Anghami () is the first legal music streaming platform and digital distribution company in the Arab world. It launched in November 2011 in Lebanon, providing unlimited Arabic and international music to stream and download for offline mode. It is designed for the Middle East and North Africa to provide the largest music catalog of licensed content from the major Arabic labels such as Melody, Mazzika, Platinum Records and many other independent labels, in addition to international majors labels such as  Sony, Universal and Warner Music Group. Anghami is one of the largest digital music ventures in the Middle East, seed funded by MEVP.

History 

The goal of Anghami was to reduce music piracy in the Arab world. The service was meant to serve as an alternative to piracy.

Anghami was founded by Eddy Maroun, and Elie Habib in Lebanon, launched initially as a mobile only app with the slogan "The idea is that everywhere you go, you’ll find your music". One of Anghami's app features is Dolby Pulse encoding, which reduces the file size of streamed music for faster and reliable online streaming when the internet bandwidth is fluctuating. Anghami has more than 35  telecom partners.

Shortly after the partnership between Anghami and mobile operators in MENA has been agreed few months after launching, the service experienced rapid growth with 1 million registered users four months after the launch.  However, the next million was reached in three months, mainly after partnering with the major media player MBC Group Middle East Broadcasting Center that featured Anghami in one of its most successful TV shows Arab Idol. In 2013, Anghami partnered with Facebook.
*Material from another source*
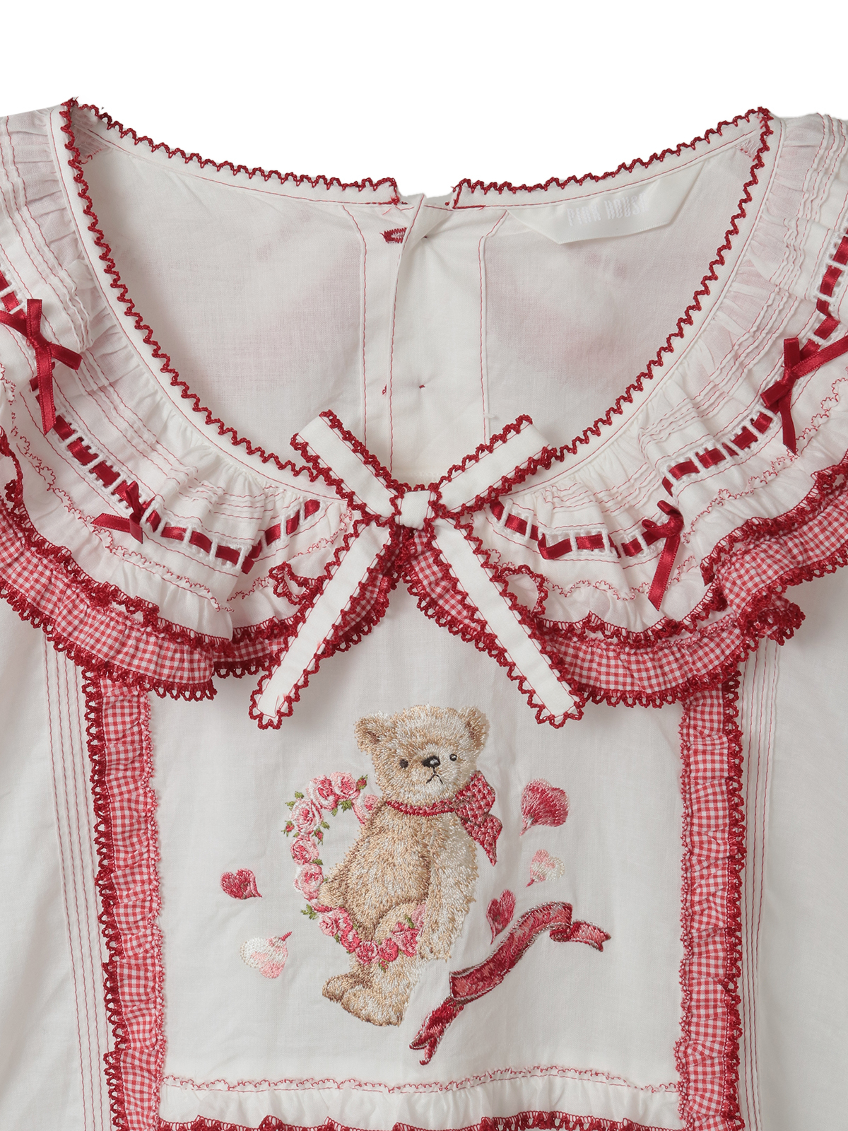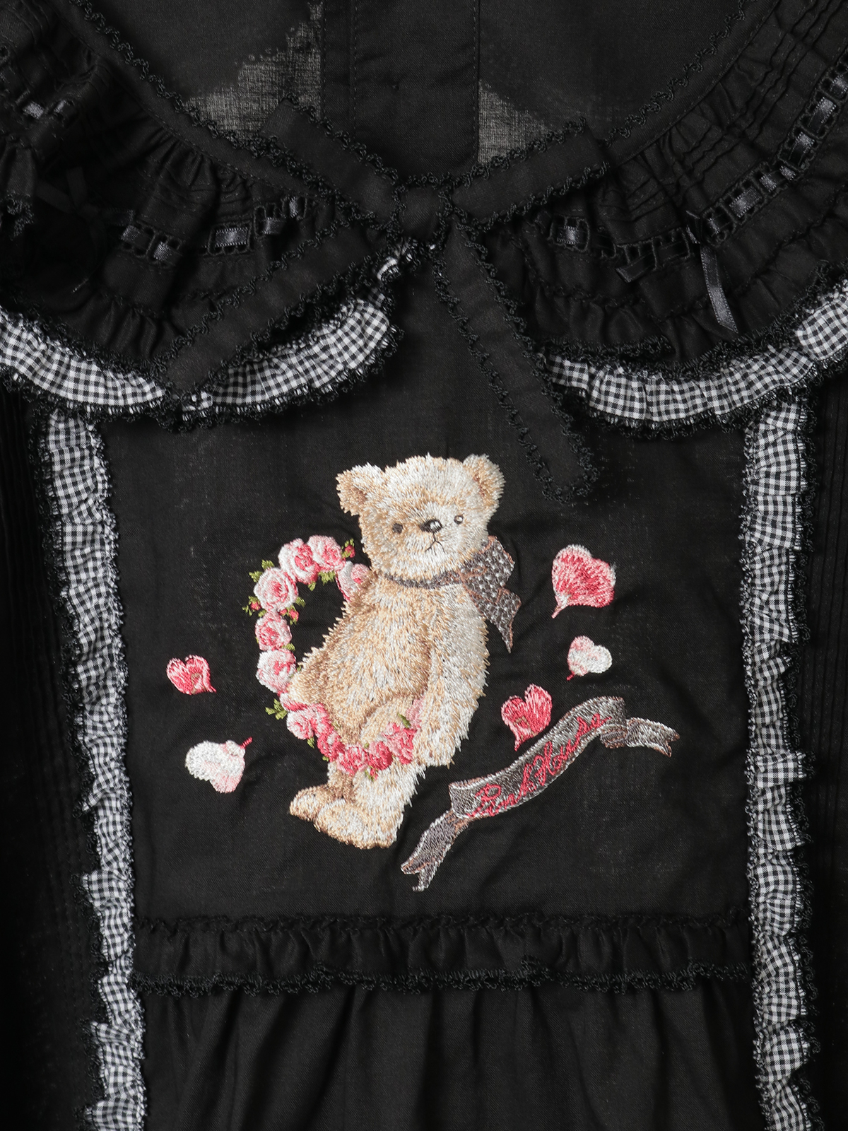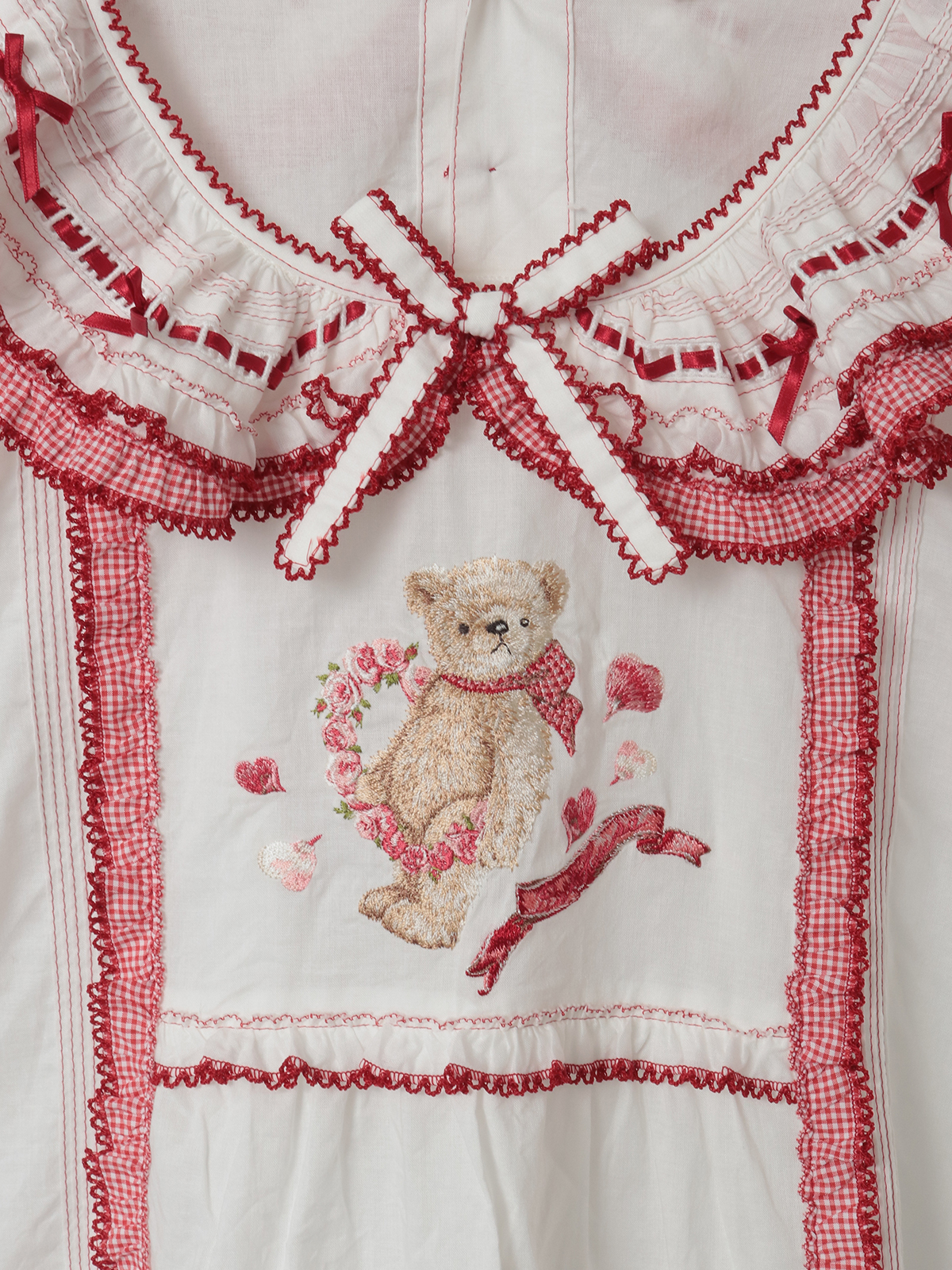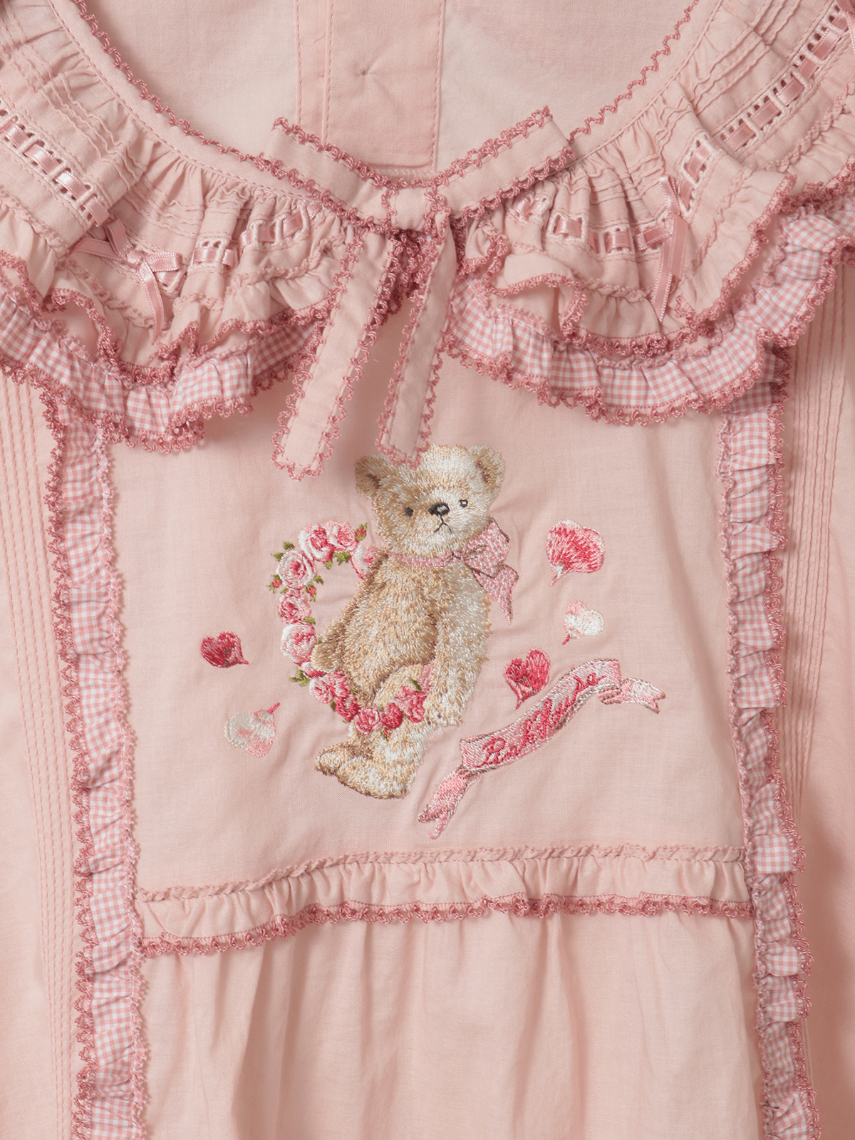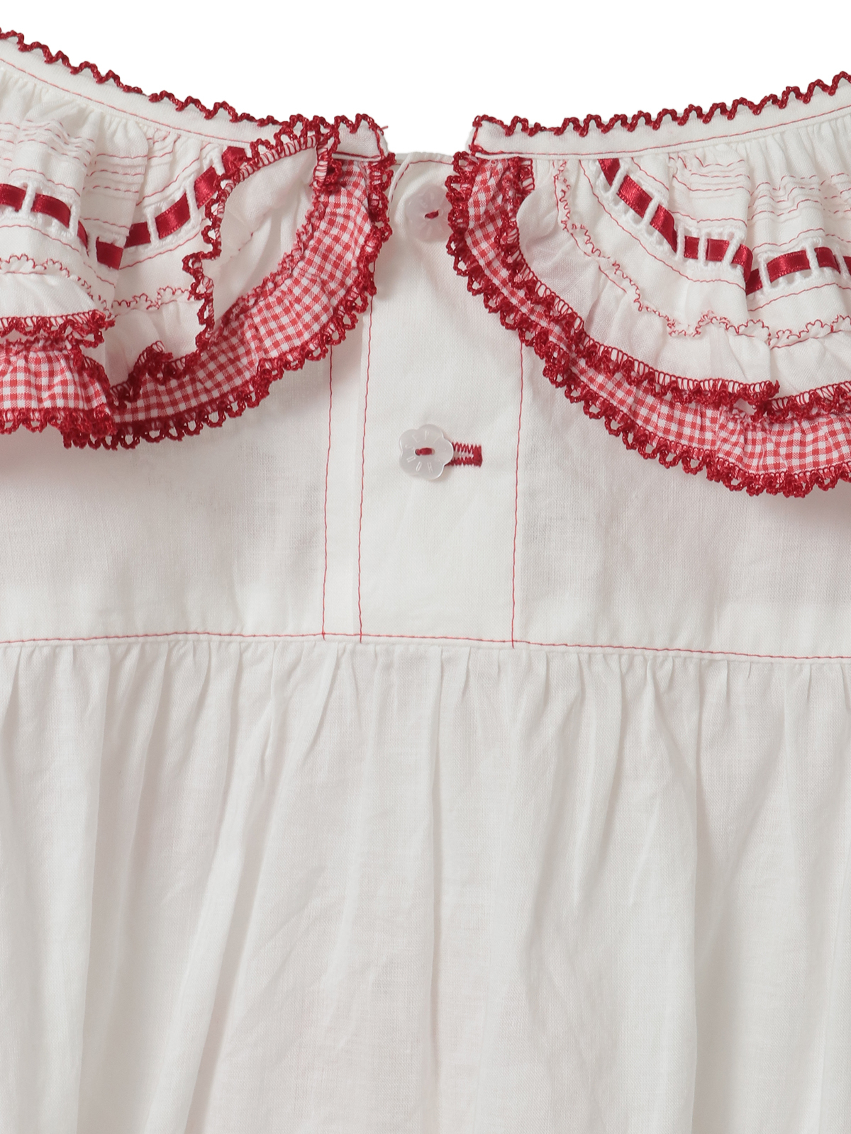 襟のところには、ギンガムチェックのフリルとさらにサテンリボンを通したはしごレースもあしらって。レースのうえにはところどころにミニリボンのトッピングも添えて可愛らしく。

By 2017, Anghami reached 30 million listeners, with 75% of users being in the Arab region. In 2019, Anghami's founder revealed in an interview that Anghami has 21 million monthly active users and 1 million paying subscribers.

In March 2021, Anghami became the first Arabic technology company to list on New York’s Nasdaq through a Special Purpose Acquisition Company (SPAC) merger with Vistas Media Acquisition Company and the company was valued at between $220 million and $230 million.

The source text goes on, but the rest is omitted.